SOURCE DATA:
☆ ☆ ☆ ☆
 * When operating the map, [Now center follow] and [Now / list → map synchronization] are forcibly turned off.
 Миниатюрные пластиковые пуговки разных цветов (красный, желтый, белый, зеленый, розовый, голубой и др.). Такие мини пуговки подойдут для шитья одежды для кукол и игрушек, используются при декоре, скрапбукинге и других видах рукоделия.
☆ ☆ ☆ ☆
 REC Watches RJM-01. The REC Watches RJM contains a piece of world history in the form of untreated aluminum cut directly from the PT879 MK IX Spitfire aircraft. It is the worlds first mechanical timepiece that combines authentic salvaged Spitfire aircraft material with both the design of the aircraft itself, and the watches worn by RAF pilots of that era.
☆ ☆ ☆ ☆
TASK DESCRIPTION:
Within the material above, the line with "forcibly turned off." opens the range and the line with "Миниатюрные пластиковые пуговки" closes it; reproduce that range word for word.

ANSWER TO THIS TASK:
 * When operating the map, [Now center follow] and [Now / list → map synchronization] are forcibly turned off.
 Миниатюрные пластиковые пуговки разных цветов (красный, желтый, белый, зеленый, розовый, голубой и др.). Такие мини пуговки подойдут для шитья одежды для кукол и игрушек, используются при декоре, скрапбукинге и других видах рукоделия.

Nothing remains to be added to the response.